**Goal of the exercise**
Repeat what the lines below say, word for word, and skip every image.

*** Opening Material for the task ***

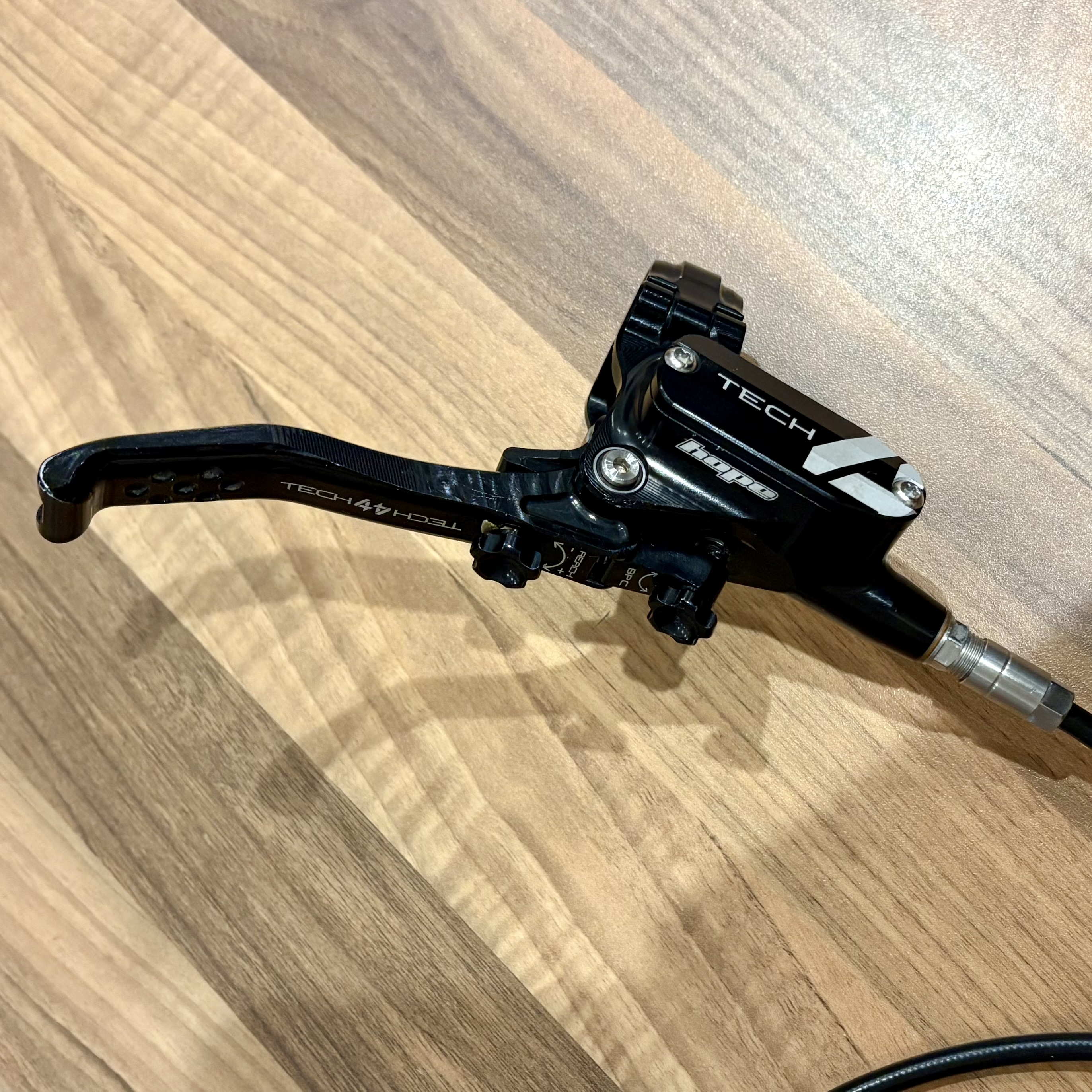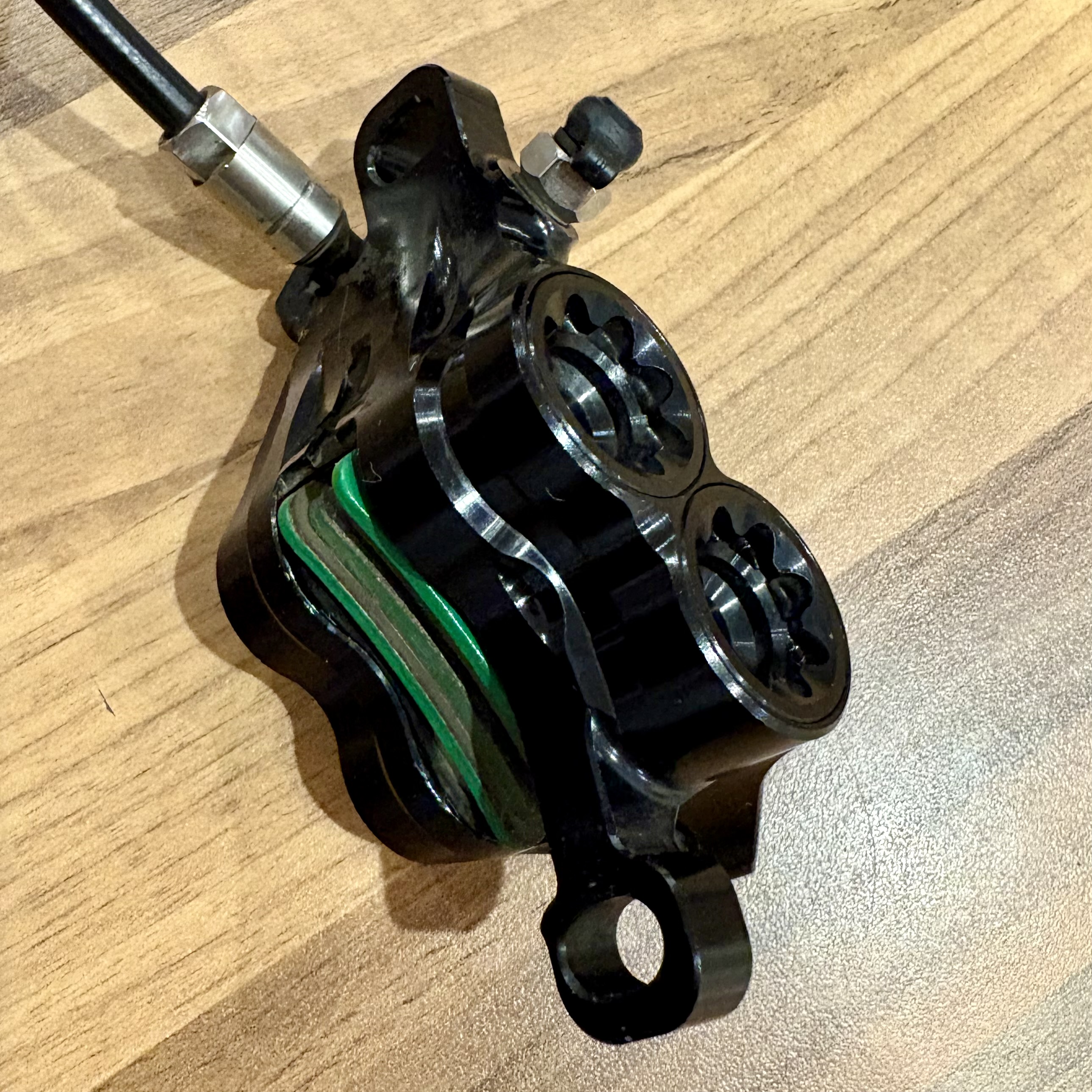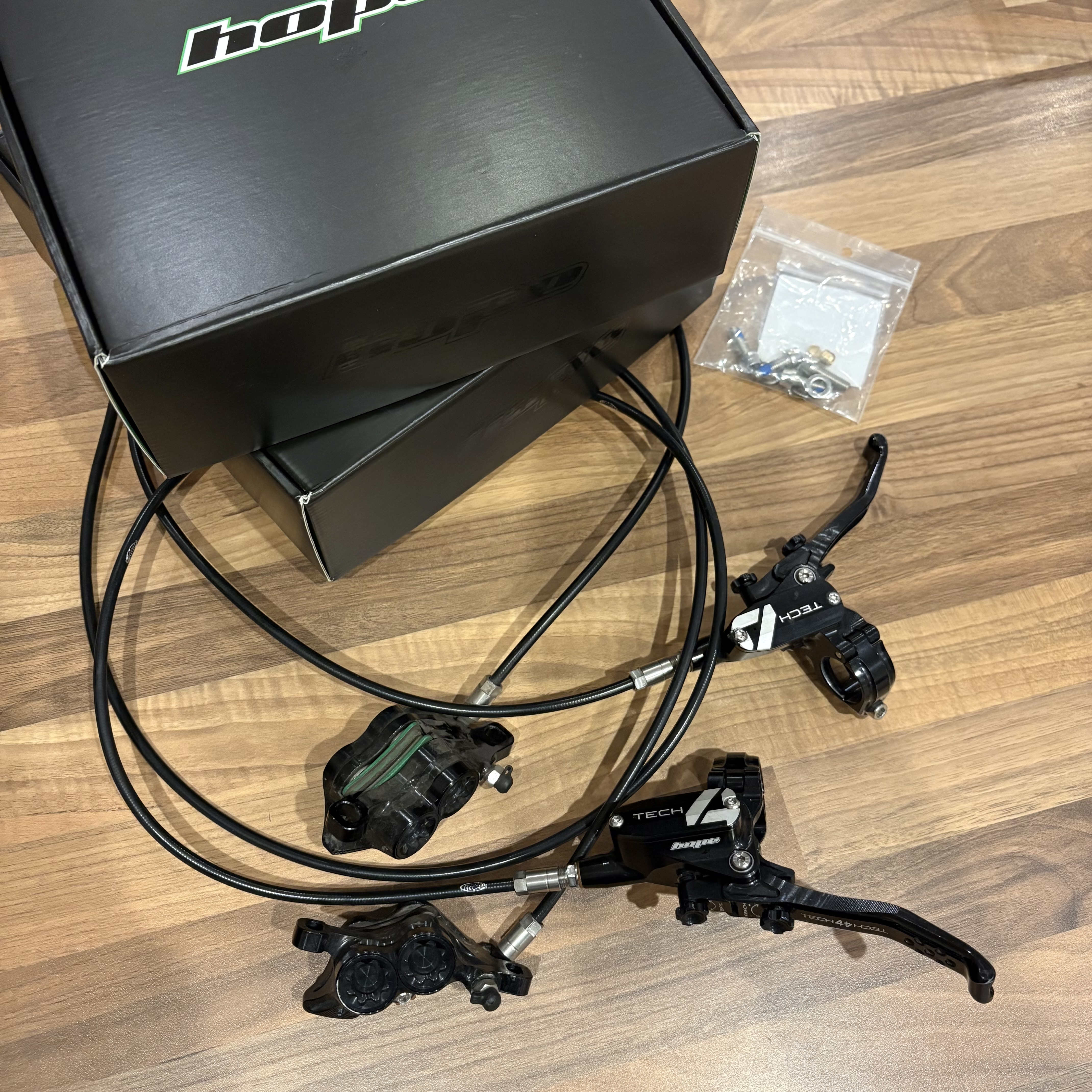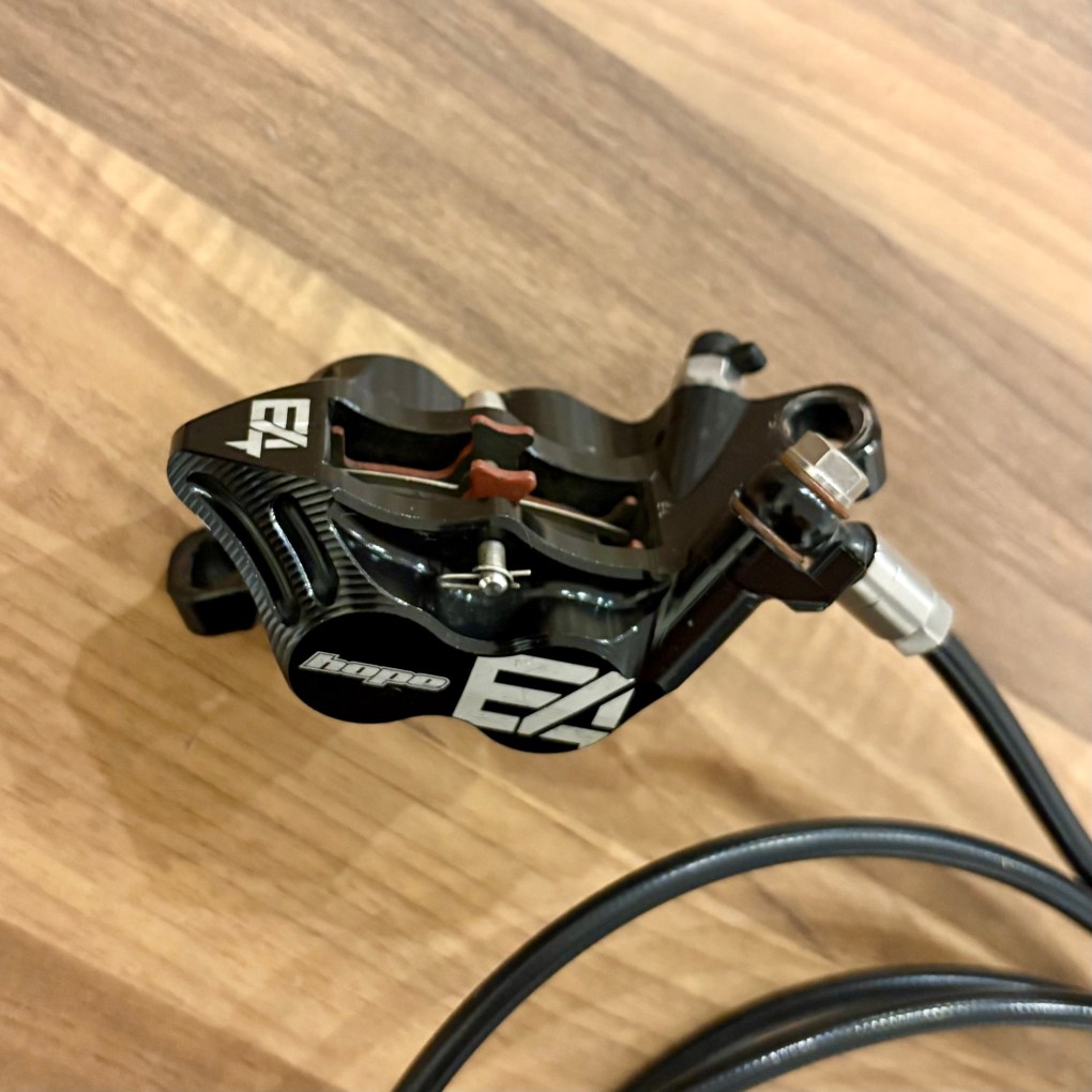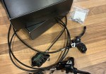 Black with standard black hoses. No major marks, just a few light signs of wear. Great condition overall. Came off a large hardtail, 68cm front length hose and 165cm rear. Green pads front, red pads rear which both have plenty of life in them. Rear will need bleeding as it was removed from an internally routed frame. Couple of olives and bolts included in the boxes.
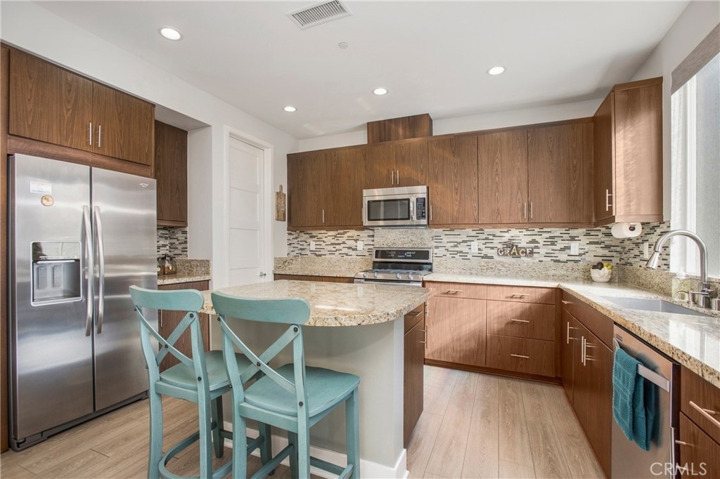 Welcome home to 1 District, a beautifully upgraded end unit home in the Elements at Vantis community which is a mix of natural beauty and soft urban cityscape. The home features an open floor plan, high ceilings, recessed lighting, ceiling fans, plantation shutters, silver oak hardwood floors throughout, and new carpeting on the stairs. The gorgeous kitchen has granite countertops, custom backsplash, a center island with barstool seating, and stainless steel appliances. The spacious living room with a large TV wall and the dining room are open to the kitchen. There is a half bath on this level and a home office area. The covered patio is off of the dining room which is perfect for a barbeque and a couple of chairs to enjoy the sunshine. Upstairs there are two spacious bedrooms each with their own upgraded bathrooms. The primary bedroom has a beautiful ensuite bathroom with granite counters, dual sinks, and a large step in shower. A separate laundry room with space for full size machines is on the upper level. 2 car side-by-side garage is attached with direct access. Enjoy the Vantis lifestyle with luxurious amenities like a gym, billiards room, clubhouse, business center, car washing station, outdoor dining and barbecue areas, and a resort style salt-water, heated pool and spa with covered cabanas. Within walking distance, you will find dining, shopping, and entertainment at the Aliso Viejo Town Center. The Vantis area is slated for excellent schools within the Capistrano school district.
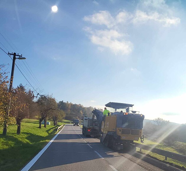 U Strunkovic nad Volyňkou jedna firma obnovila vodorovné značení, jiná ho brzy odfrézovala kvůli opravě povrchu.
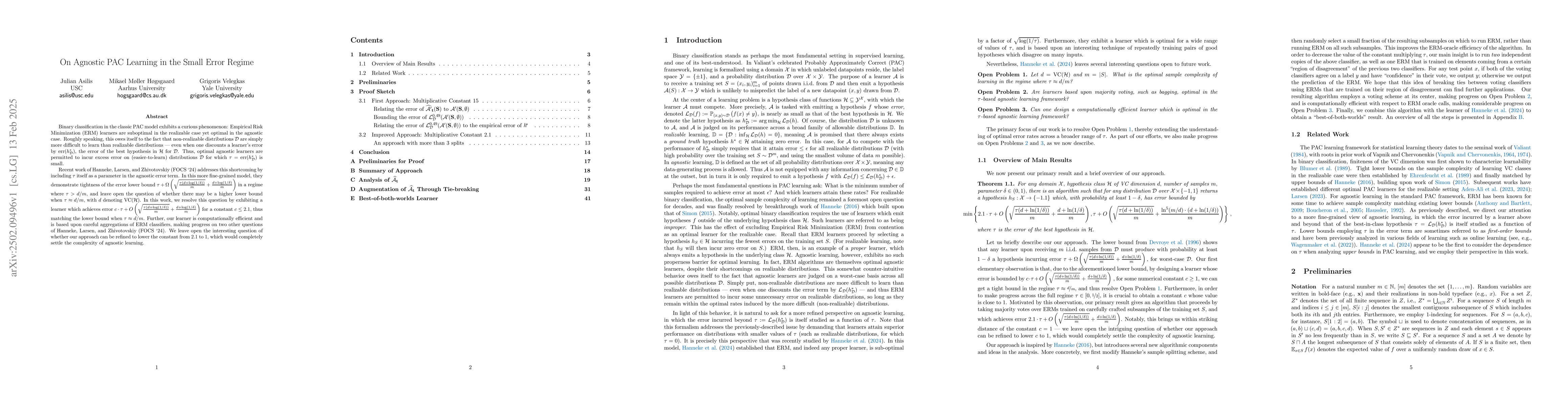 This paper addresses the agnostic PAC learning problem in the small error regime, demonstrating a new learner that achieves error close to a proven lower bound when the realizable error $\tau$ is approximately equal to the VC dimension $d$ divided by the sample size $m$. The learner uses aggregations of Empirical Risk Minimization classifiers, matching the lower bound and offering computational efficiency. The authors suggest potential for further refinement to improve the constant factor.
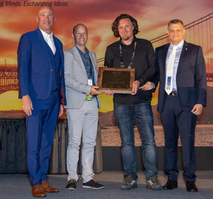 From left to right: François Rivet (IMS Bordeaux, RFIC 2025 General Chair), Alexandre Giry (CEA-Leti), Pascal Reynier (CEA-Leti), Mohyee Mikhemar (Broadcom, RFIC 2025 TPC Chair)
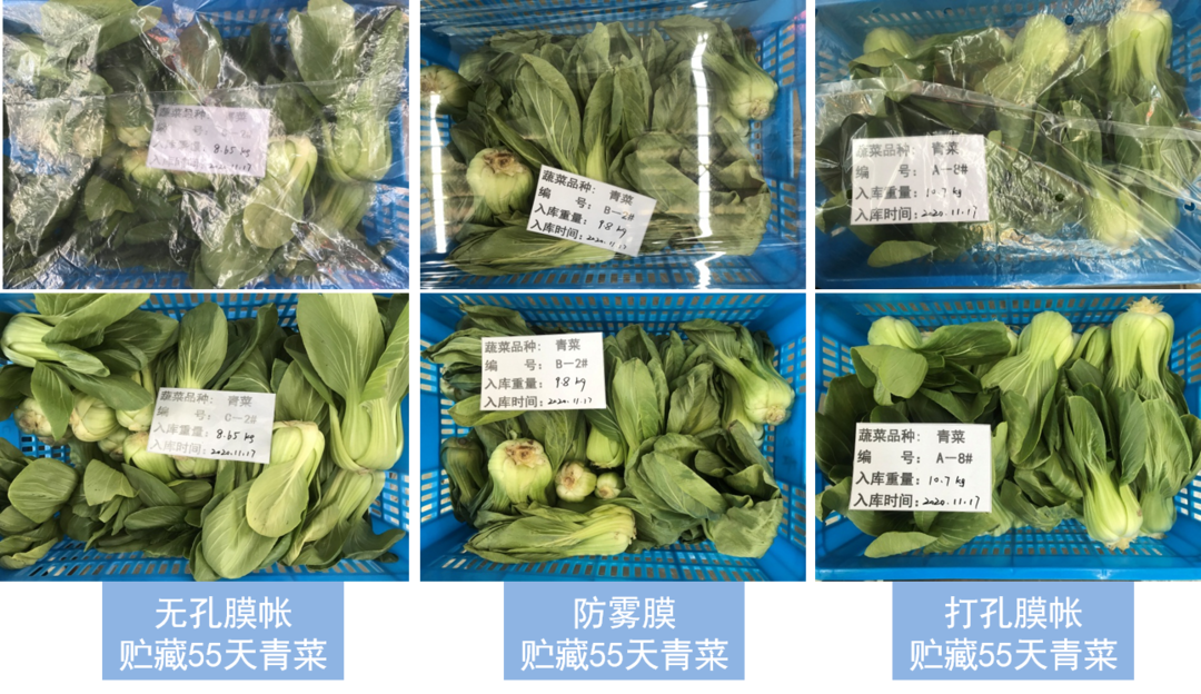 20201117~202119日,我司順利完成了為期55天的廠內(nèi)蔬果保鮮試驗(yàn)。通過以往試驗(yàn)發(fā)現(xiàn),在貯藏過程中,保鮮袋內(nèi)表面水氣結(jié)露嚴(yán)重,水滴落到蔬菜表面引起變質(zhì),若不套袋,蔬菜的干耗又會非常嚴(yán)重,而加濕器附近、冷風(fēng)機(jī)附近也會因?yàn)槔淠牡温涠写罅糠e水。此次試驗(yàn)針對此問題,對比探討防霧膜、打孔膜帳及無孔膜帳三種包裝方式的保鮮效果,以期改善包裝內(nèi)結(jié)露的問題。同時(shí)也為氣調(diào)冷藏集裝箱增加臭氧殺菌模塊,提升設(shè)備功能,減輕微生物腐敗給果蔬帶來的不良影響。通過指標(biāo)測定顯示,打孔膜帳包裝使綠葉蔬菜(青菜、油麥菜為例)失重率均小于10%,能夠維持較高的可滴定酸含量,延緩可溶性固形物下降,貯藏末期時(shí)兩種菜可溶性固形物含量下降均不超過2%,在降低Vc、葉綠素的消耗及減輕葉片膜脂過氧化程度方面也有一定促進(jìn)作用;此外,經(jīng)過改進(jìn),此次試驗(yàn)也將往常45天保鮮期延長至55天,具有重要突破意義。

*** Closing Material for the task ***

**Answer section**
 Black with standard black hoses. No major marks, just a few light signs of wear. Great condition overall. Came off a large hardtail, 68cm front length hose and 165cm rear. Green pads front, red pads rear which both have plenty of life in them. Rear will need bleeding as it was removed from an internally routed frame. Couple of olives and bolts included in the boxes.
 Welcome home to 1 District, a beautifully upgraded end unit home in the Elements at Vantis community which is a mix of natural beauty and soft urban cityscape. The home features an open floor plan, high ceilings, recessed lighting, ceiling fans, plantation shutters, silver oak hardwood floors throughout, and new carpeting on the stairs. The gorgeous kitchen has granite countertops, custom backsplash, a center island with barstool seating, and stainless steel appliances. The spacious living room with a large TV wall and the dining room are open to the kitchen. There is a half bath on this level and a home office area. The covered patio is off of the dining room which is perfect for a barbeque and a couple of chairs to enjoy the sunshine. Upstairs there are two spacious bedrooms each with their own upgraded bathrooms. The primary bedroom has a beautiful ensuite bathroom with granite counters, dual sinks, and a large step in shower. A separate laundry room with space for full size machines is on the upper level. 2 car side-by-side garage is attached with direct access. Enjoy the Vantis lifestyle with luxurious amenities like a gym, billiards room, clubhouse, business center, car washing station, outdoor dining and barbecue areas, and a resort style salt-water, heated pool and spa with covered cabanas. Within walking distance, you will find dining, shopping, and entertainment at the Aliso Viejo Town Center. The Vantis area is slated for excellent schools within the Capistrano school district.
 U Strunkovic nad Volyňkou jedna firma obnovila vodorovné značení, jiná ho brzy odfrézovala kvůli opravě povrchu.
 This paper addresses the agnostic PAC learning problem in the small error regime, demonstrating a new learner that achieves error close to a proven lower bound when the realizable error $\tau$ is approximately equal to the VC dimension $d$ divided by the sample size $m$. The learner uses aggregations of Empirical Risk Minimization classifiers, matching the lower bound and offering computational efficiency. The authors suggest potential for further refinement to improve the constant factor.
 From left to right: François Rivet (IMS Bordeaux, RFIC 2025 General Chair), Alexandre Giry (CEA-Leti), Pascal Reynier (CEA-Leti), Mohyee Mikhemar (Broadcom, RFIC 2025 TPC Chair)
 20201117~202119日,我司順利完成了為期55天的廠內(nèi)蔬果保鮮試驗(yàn)。通過以往試驗(yàn)發(fā)現(xiàn),在貯藏過程中,保鮮袋內(nèi)表面水氣結(jié)露嚴(yán)重,水滴落到蔬菜表面引起變質(zhì),若不套袋,蔬菜的干耗又會非常嚴(yán)重,而加濕器附近、冷風(fēng)機(jī)附近也會因?yàn)槔淠牡温涠写罅糠e水。此次試驗(yàn)針對此問題,對比探討防霧膜、打孔膜帳及無孔膜帳三種包裝方式的保鮮效果,以期改善包裝內(nèi)結(jié)露的問題。同時(shí)也為氣調(diào)冷藏集裝箱增加臭氧殺菌模塊,提升設(shè)備功能,減輕微生物腐敗給果蔬帶來的不良影響。通過指標(biāo)測定顯示,打孔膜帳包裝使綠葉蔬菜(青菜、油麥菜為例)失重率均小于10%,能夠維持較高的可滴定酸含量,延緩可溶性固形物下降,貯藏末期時(shí)兩種菜可溶性固形物含量下降均不超過2%,在降低Vc、葉綠素的消耗及減輕葉片膜脂過氧化程度方面也有一定促進(jìn)作用;此外,經(jīng)過改進(jìn),此次試驗(yàn)也將往常45天保鮮期延長至55天,具有重要突破意義。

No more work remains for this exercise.